01 - Pour 2 inches of vegetable oil into a heavy-bottomed pot or deep skillet. Heat the oil to 350°F, monitoring the temperature carefully with a kitchen thermometer.
02 - Separate the refrigerated biscuit dough into 8 individual rounds. Flatten each round gently with your palm, then use a 1-inch round cutter or bottle cap to cut a center hole, creating classic donut shapes.
03 - Combine the pumpkin purée and pumpkin pie spice in a small bowl, mixing until thoroughly incorporated. Spread a thin, even layer of the spiced pumpkin mixture between two biscuit rounds and press the edges firmly to seal completely. Reform the center hole if necessary during shaping.
04 - Carefully lower the filled donuts into the hot oil in batches, avoiding overcrowding the pan. Fry for 1 to 2 minutes per side until golden brown and puffed throughout. Transfer the cooked donuts using a slotted spoon and drain on layered paper towels.

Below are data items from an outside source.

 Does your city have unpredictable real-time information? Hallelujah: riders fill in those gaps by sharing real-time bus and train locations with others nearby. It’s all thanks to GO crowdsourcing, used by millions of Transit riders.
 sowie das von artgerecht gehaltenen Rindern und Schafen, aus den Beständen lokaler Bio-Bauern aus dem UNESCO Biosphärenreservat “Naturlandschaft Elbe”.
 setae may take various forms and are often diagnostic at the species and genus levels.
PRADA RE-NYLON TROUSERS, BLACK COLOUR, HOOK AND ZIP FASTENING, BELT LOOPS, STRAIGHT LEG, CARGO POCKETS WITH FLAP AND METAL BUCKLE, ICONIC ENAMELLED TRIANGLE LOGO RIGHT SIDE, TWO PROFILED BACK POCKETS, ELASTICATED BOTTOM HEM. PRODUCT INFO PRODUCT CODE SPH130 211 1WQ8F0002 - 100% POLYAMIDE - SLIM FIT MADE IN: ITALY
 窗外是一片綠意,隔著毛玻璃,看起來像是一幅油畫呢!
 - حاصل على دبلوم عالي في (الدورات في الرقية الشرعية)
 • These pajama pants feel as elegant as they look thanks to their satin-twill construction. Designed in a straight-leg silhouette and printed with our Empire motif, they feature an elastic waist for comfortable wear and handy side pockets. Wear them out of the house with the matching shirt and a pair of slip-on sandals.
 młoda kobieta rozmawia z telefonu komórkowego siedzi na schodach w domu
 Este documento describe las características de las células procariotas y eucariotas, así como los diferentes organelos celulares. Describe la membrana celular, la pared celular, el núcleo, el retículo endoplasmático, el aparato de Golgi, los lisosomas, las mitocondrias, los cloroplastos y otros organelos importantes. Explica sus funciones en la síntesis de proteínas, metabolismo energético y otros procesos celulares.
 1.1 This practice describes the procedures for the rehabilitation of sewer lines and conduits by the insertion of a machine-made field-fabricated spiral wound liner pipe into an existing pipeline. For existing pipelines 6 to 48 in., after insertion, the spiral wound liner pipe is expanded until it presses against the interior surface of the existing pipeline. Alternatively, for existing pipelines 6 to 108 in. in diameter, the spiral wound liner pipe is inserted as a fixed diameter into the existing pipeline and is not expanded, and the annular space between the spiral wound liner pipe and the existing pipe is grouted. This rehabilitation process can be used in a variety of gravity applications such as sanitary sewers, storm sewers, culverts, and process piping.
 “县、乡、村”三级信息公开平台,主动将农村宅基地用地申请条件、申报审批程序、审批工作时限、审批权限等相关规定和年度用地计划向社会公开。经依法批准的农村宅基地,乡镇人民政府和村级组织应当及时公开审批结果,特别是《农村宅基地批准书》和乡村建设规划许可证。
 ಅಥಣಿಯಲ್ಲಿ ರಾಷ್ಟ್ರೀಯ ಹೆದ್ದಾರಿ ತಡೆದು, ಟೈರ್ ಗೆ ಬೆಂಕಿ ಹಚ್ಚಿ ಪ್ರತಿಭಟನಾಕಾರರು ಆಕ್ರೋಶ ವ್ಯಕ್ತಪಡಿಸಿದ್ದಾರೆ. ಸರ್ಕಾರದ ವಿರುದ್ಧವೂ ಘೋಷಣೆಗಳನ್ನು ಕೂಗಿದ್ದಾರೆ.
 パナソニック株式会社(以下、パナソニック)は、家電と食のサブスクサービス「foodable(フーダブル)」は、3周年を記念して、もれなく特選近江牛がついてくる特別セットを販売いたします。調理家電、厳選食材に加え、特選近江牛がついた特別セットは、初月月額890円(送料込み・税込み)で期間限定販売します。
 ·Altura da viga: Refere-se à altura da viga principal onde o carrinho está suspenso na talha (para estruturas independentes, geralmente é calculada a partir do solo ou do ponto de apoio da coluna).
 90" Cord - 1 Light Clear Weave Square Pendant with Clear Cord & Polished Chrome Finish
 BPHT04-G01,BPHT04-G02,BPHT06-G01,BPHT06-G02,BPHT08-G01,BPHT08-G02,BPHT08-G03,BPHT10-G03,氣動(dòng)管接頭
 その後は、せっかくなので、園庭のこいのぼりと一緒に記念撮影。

05 - Whisk together the granulated sugar and ground cinnamon in a shallow bowl until evenly blended. While the donuts are still warm, coat each one thoroughly in the cinnamon sugar mixture, pressing gently to adhere the coating.
06 - Sift the powdered sugar into a medium bowl to remove lumps. Add the milk, vanilla extract, and pinch of pumpkin pie spice. Whisk vigorously until completely smooth and thickened to a pourable consistency. Drizzle generously over the cooled donuts.